# PROBLEM REQUIREMENTS
Include the line containing "Regolare le impostazioni" and all lines before it, repeated exactly from the listing below, without pictures.

# DATASET SECTION
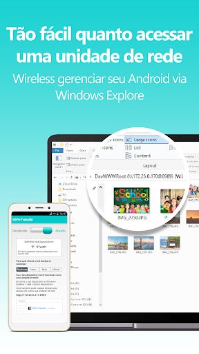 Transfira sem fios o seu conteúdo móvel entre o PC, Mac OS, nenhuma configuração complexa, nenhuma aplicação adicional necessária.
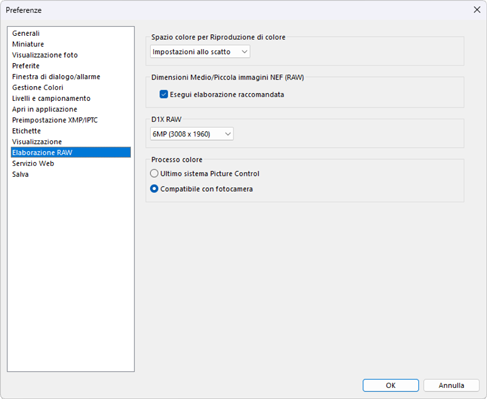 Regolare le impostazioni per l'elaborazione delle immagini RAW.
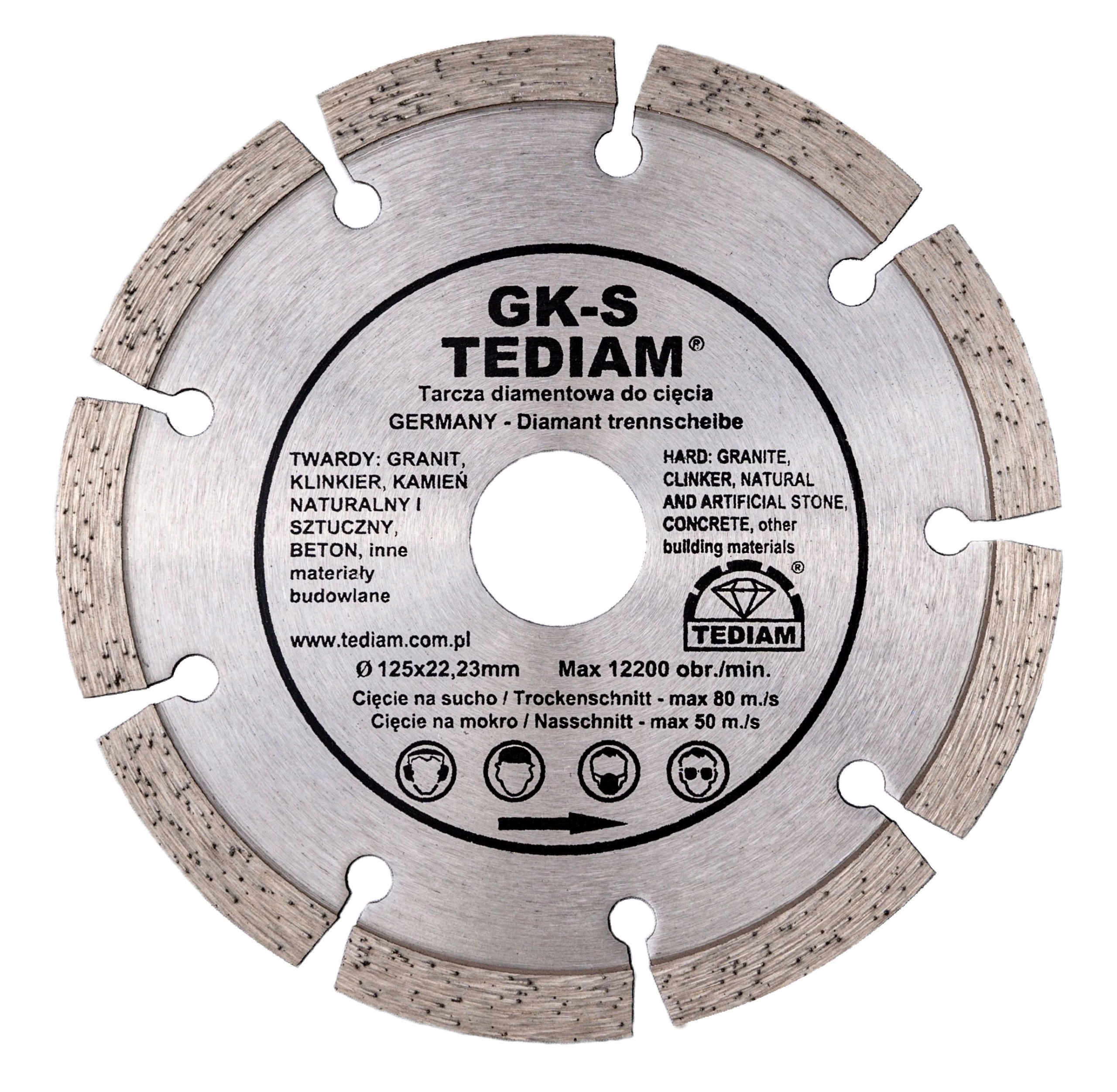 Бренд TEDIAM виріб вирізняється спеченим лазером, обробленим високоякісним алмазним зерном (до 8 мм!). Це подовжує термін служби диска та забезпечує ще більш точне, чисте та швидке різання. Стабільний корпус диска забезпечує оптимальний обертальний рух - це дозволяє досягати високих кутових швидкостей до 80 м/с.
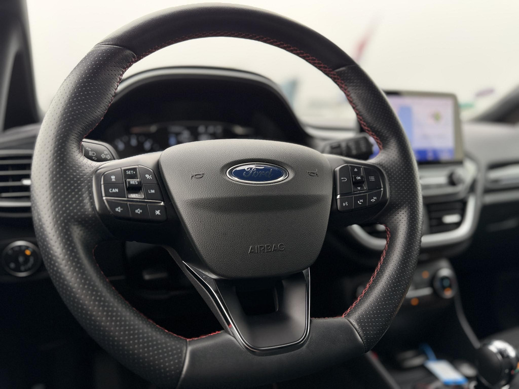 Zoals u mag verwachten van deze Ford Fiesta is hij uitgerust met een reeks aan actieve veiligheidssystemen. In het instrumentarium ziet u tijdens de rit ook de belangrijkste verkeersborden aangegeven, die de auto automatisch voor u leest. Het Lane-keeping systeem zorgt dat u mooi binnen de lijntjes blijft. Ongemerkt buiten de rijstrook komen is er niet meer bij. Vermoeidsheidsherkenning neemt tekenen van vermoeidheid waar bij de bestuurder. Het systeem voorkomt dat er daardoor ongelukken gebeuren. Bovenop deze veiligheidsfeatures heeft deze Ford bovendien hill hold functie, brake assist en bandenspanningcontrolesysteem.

# SOLVED EXERCISE
 Transfira sem fios o seu conteúdo móvel entre o PC, Mac OS, nenhuma configuração complexa, nenhuma aplicação adicional necessária.
 Regolare le impostazioni per l'elaborazione delle immagini RAW.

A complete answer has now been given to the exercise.